When I was driving from my home in Decatur to Tifton in South Georgia the other day, I noticed — and smelled — several dead skunks along the highway. I decided to keep a road-kill count during the return trip, which covered some 200 miles at an average speed of about 50 mph.
I tallied five skunks (which are breeding now) and an assortment of other small road-killed animals — hawks, an armadillo, three raccoons, three opossums, several squirrels and other creatures too squished to identify.
Of course, it’s not unusual to spot road-kill: I see it nearly every time I drive even a short distance from home. Sad to say, in some cases I’ve been the driver in a road-kill accident.
But, after keeping count of the road-kill I saw in a single trip, I decided to do some research on the problem.
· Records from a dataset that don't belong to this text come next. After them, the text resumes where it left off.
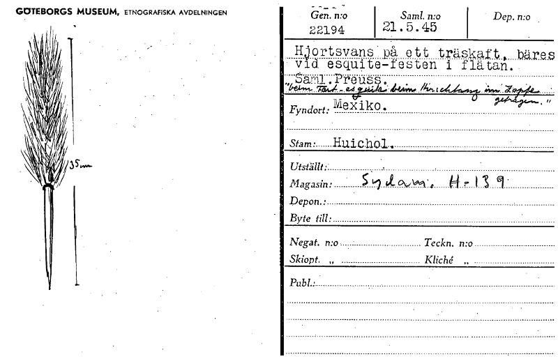 • - Gen. n:o 22194 iSam!. n:o 21. 5.45 Dep. n:o Hjortsvans på e tt träskaft , bäres vid. esquite-festen i flätan. Saml Preuss. "ku.. _ e4J Fyndort: Mexiko. Stam. Huichol. Utställt: Magasin: S' J_ Os... Visa hela
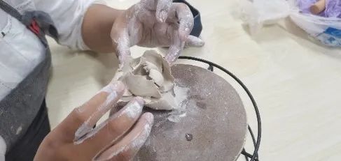 (团队师生在产品陶瓷工作室学习瓷花技艺)
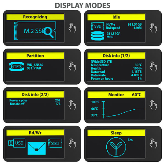 Box je vybaven pokročilým LED displejem, který poskytuje okamžitý přehled o stavu vašeho disku. Nabízí několik režimů zobrazení, včetně detekce připojeného disku, použitého systémového souboru, teploty, zdraví disku, rychlosti přenosu dat a pracovních hodin. Detailní graf umožňuje sledování teploty disku v reálném čase, zatímco režim spánku šetří energii při nečinnosti. S tímto inteligentním monitoringem budete mít svůj disk vždy pod kontrolou - jednoduše, přehledně a efektivně.
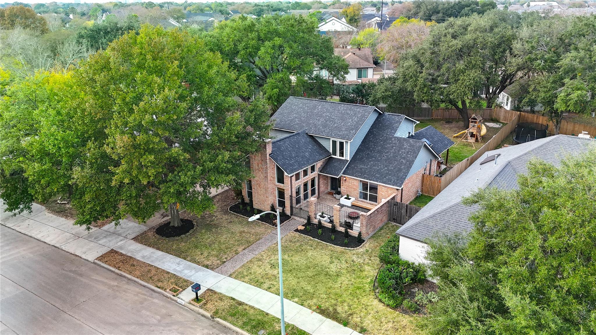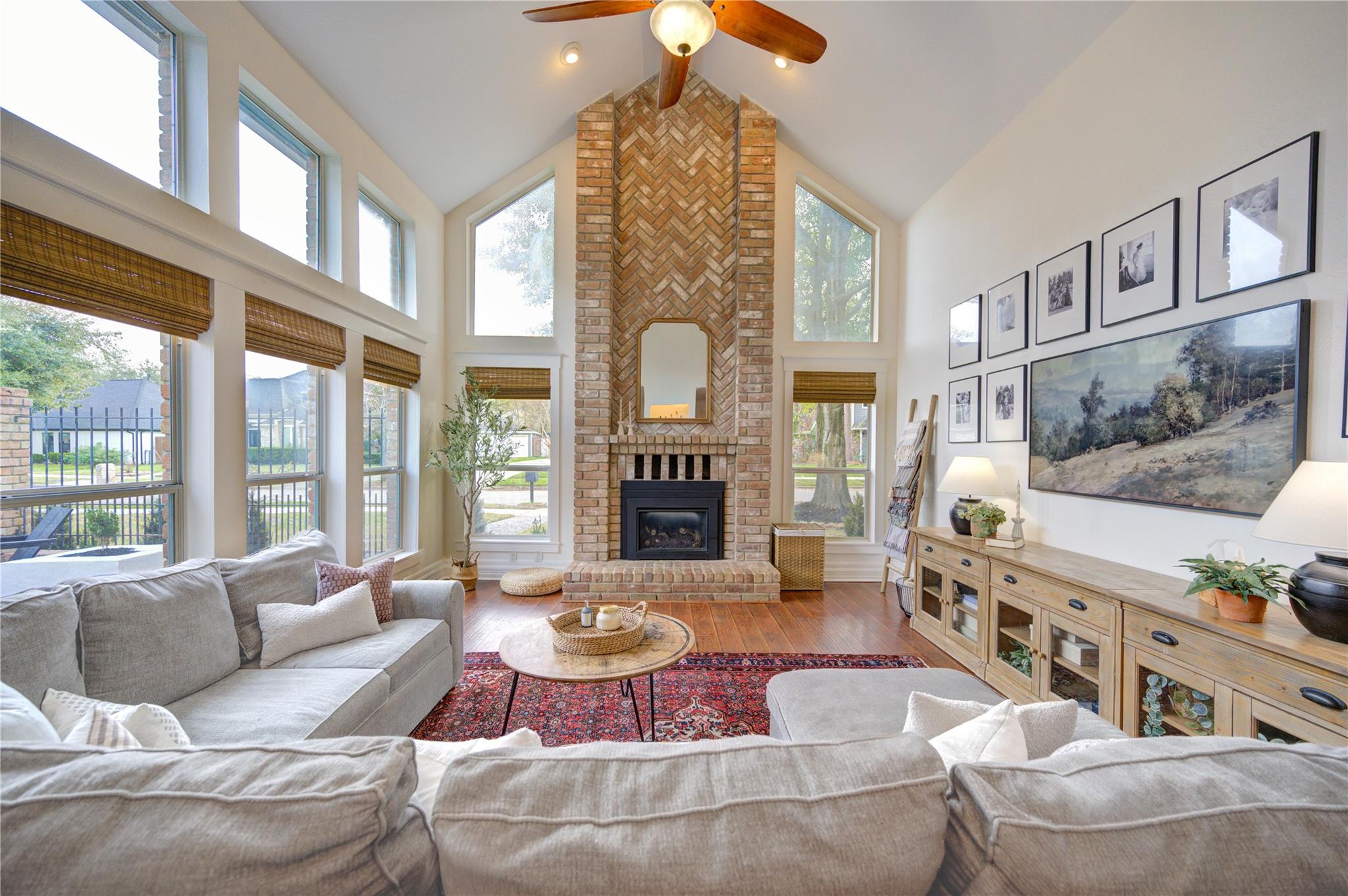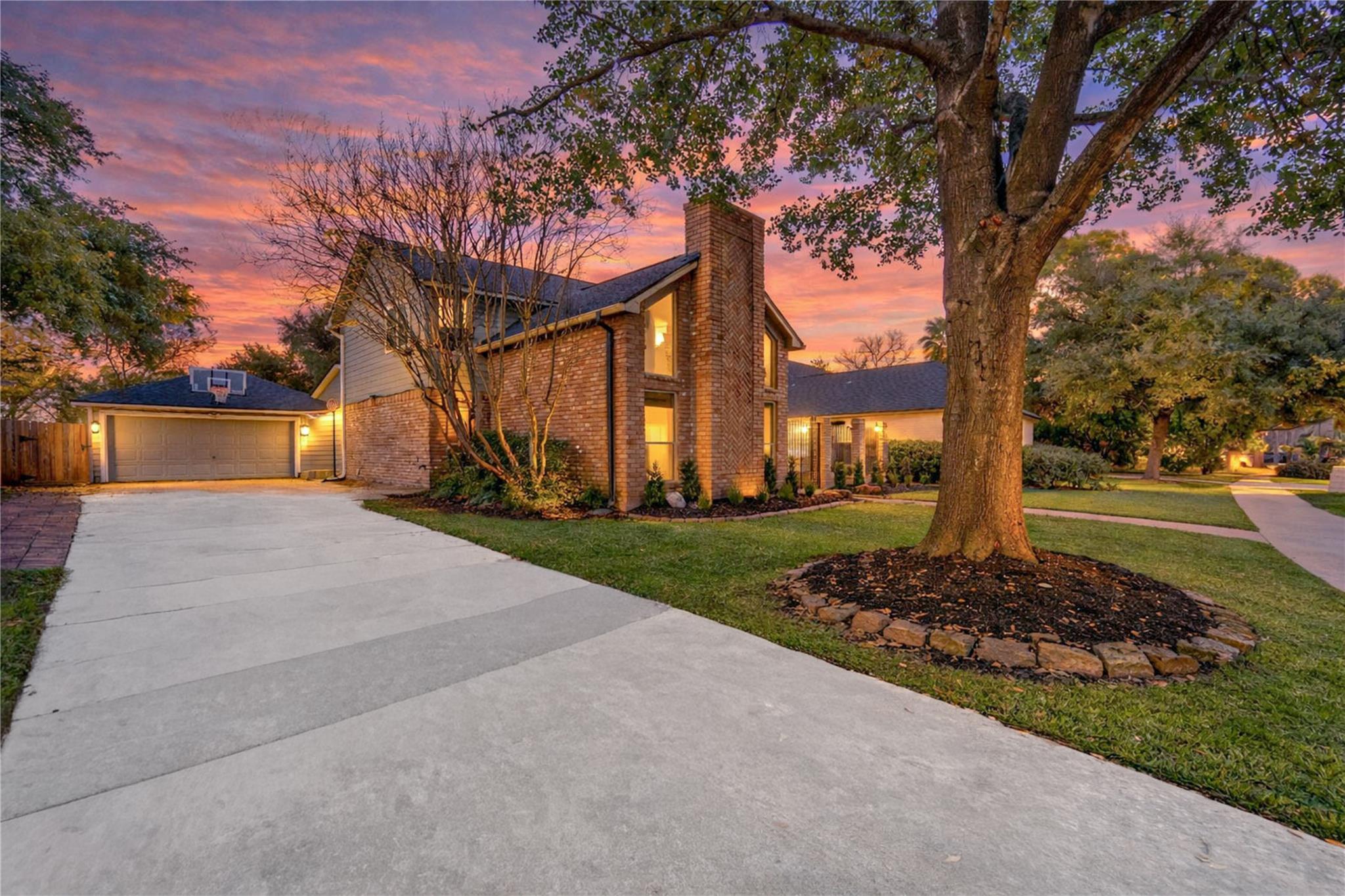 This beautifully remodeled two-story home in the heart of the Energy Corridor features a BRAND NEW ROOF and stylish modern updates throughout. Wood laminate flooring flows through the main living areas and all bedrooms (no carpet!), leading to a stunning living room with vaulted ceilings, a dramatic floor-to-ceiling fireplace that boasts a new sleek glass insert, and abundant natural light from energy-efficient DOUBLE PANE WINDOWS. The RENOVATED KITCHEN offers recent cabinetry, granite countertops, and stainless steel appliances, seamlessly connecting to an eclectic, wood-paneled sunroom that is fully air-conditioned and ideal as a first-floor game room or flex space. The first-floor primary suite includes a RENOVATED ENSUITE BATH with double-sink quartz vanity and marble subway tile. The upstairs boast 3 bedrooms and a renovated bathroom. Step outside to an expansive backyard with a covered patio and ample green space—perfect for creating your own private outdoor retreat.

I came across a newly published book co-edited by three researchers, one of whom is Kimberly Andrews, an ecologist at the University of Georgia and the Georgia Sea Turtle Center on Jekyll Island.
The book, “Roads and Ecological Infrastructure: Concepts and Applications for Small Animals,” summarizes the available research on the effects of roads and traffic on small mammals, birds, reptiles and amphibians. These creatures account by far for the vast majority of road-killed animals.
However, most road mitigation measures, such as highway overpasses, are designed to avoid collisions between cars and large animals, such as bears, deer and elk. Encounters with the larger creatures can do serious damage to vehicles and even injure or kill drivers and passengers.
“But effects of roads on small animals remain largely below the radar,” the researchers write. “Collisions with small animals do not typically endanger humans or damage vehicles, and road-killed small animals go unnoticed just because they are small.”
No one knows how many animals are killed on roads, but one estimate puts it at 1 million per day nationwide.
“Designing roads and mitigation measures to avoid wildlife conflicts is possible, but expert recommendations are needed,” the authors conclude.
In the sky: From David Dundee, Tellus Science Museum astronomer: The moon will be last-quarter Thursday. Mercury is low in the east at dawn. Venus rises out of the east about an hour before dawn. Mars rises out of the east a few hours after dusk. Jupiter is high in the east at dusk. Saturn rises out of the east just after dusk.